Streaming sources

Module for defining data sources for streaming and batch data.

This module provides data source implementations, such as EventHub, StreamingTable, and Table, to facilitate users usage on streaming.

`EventHubSource` `dataclass`

Bases: DataSource

Represents a data source for consuming messages from Azure Event Hub.

Attributes:

Name	Type	Description
`topic`	`str`	The name of the Event Hub topic to subscribe to.
`namespace`	`str`	The Event Hub namespace.
`connection_string`	`str`	The connection string for authenticating with Event Hub.
`context`	`Context`	The Spark context for managing the Spark session.
`starting_offsets`	`str`	The starting offsets for consuming messages. Defaults to "latest".
`max_offsets_per_trigger`	`int`	The maximum number of offsets to process per trigger. Defaults to 72000.
`schema`	`Optional[StructType]`	The schema of the data, if available. If the schema is not set, the target able will be created using the raw schema from EventHub. In both cases, a column named 'value' containing the raw data from topic will be added to the target table. This parameter defaults to None.

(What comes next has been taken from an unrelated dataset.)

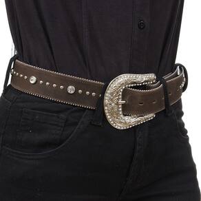 O Cinto de Couro da marca Cow Way é uma peça de vestuário excepcionalmente elegante e única. Feito de couro de alta qualidade, este cinto é durável e resistente, proporcionando um ajuste confortável e seguro para o usuário. O destaque do cinto são as pedras refletivas fixadas ao longo do couro costurado, todas são meticulosamente trabalhadas com detalhes intrincados e são feitas de um metal resistente que é altamente durável. Esses elementos metálicos adicionam um toque de elegância e brilho ao cinto, elevando sua aparência para um novo patamar. Com um fecho de fivela ajustável, o cinto de couro da Cow Way é um acessório versátil e prático para qualquer guarda-roupa.

Source code in blipdataforge/streaming/sources.py

@dataclass
class EventHubSource(DataSource):
    """Represents a data source for consuming messages from Azure Event Hub.

    Attributes:
        topic:
            The name of the Event Hub topic to subscribe to.
        namespace:
            The Event Hub namespace.
        connection_string:
            The connection string for authenticating with Event Hub.
        context:
            The Spark context for managing the Spark session.
        starting_offsets:
            The starting offsets for consuming messages. Defaults to "latest".
        max_offsets_per_trigger:
            The maximum number of offsets to process per trigger.
            Defaults to 72000.
        schema:
            The schema of the data, if available. If the schema is not set, the
            target able will be created using the raw schema from EventHub. In
            both cases, a column named 'value' containing the raw data from
            topic will be added to the target table. This parameter defaults to
            None.
    """
    topic: str
    namespace: str
    connection_string: str
    starting_offsets: str = "latest"
    max_offsets_per_trigger: int = 72000
    schema: Optional[StructType] = None

    @property
    def server(self) -> str:
        """Returns the Event Hub server address."""
        return f"{self.namespace}.servicebus.windows.net:9093"

    def load(self) -> DataFrame:
        """Loads data from the Event Hub as a streaming DataFrame.

        Returns:
            A DataFrame representing the data stream.
        """
        df = (
            self.context.spark_session.readStream.format("kafka")
            .option("kafka.bootstrap.servers", self.server)
            .option("kafka.sasl.mechanism", "PLAIN")
            .option("kafka.security.protocol", "SASL_SSL")
            .option("kafka.sasl.jaas.config", (
                'kafkashaded.org.apache.kafka.common.security.plain'
                '.PlainLoginModule required username="$ConnectionString" '
                f'password="{self.connection_string}"' + ";"
            ))
            .option("kafka.ssl.endpoint.identification.algorithm", "https")
            .option("subscribe", self.topic)
            .option("maxOffsetsPerTrigger", self.max_offsets_per_trigger)
            .option("startingOffsets", self.starting_offsets)
            .load()
        )
        if self.schema:
            df = (
                df
                .select(
                    from_json(col("value").cast("string"), self.schema)
                    .alias("value"))
                .selectExpr("value.*", "value")
            )

        return df

`server` `property`

Returns the Event Hub server address.

`load()`

Loads data from the Event Hub as a streaming DataFrame.

Returns:

Type	Description
`DataFrame`	A DataFrame representing the data stream.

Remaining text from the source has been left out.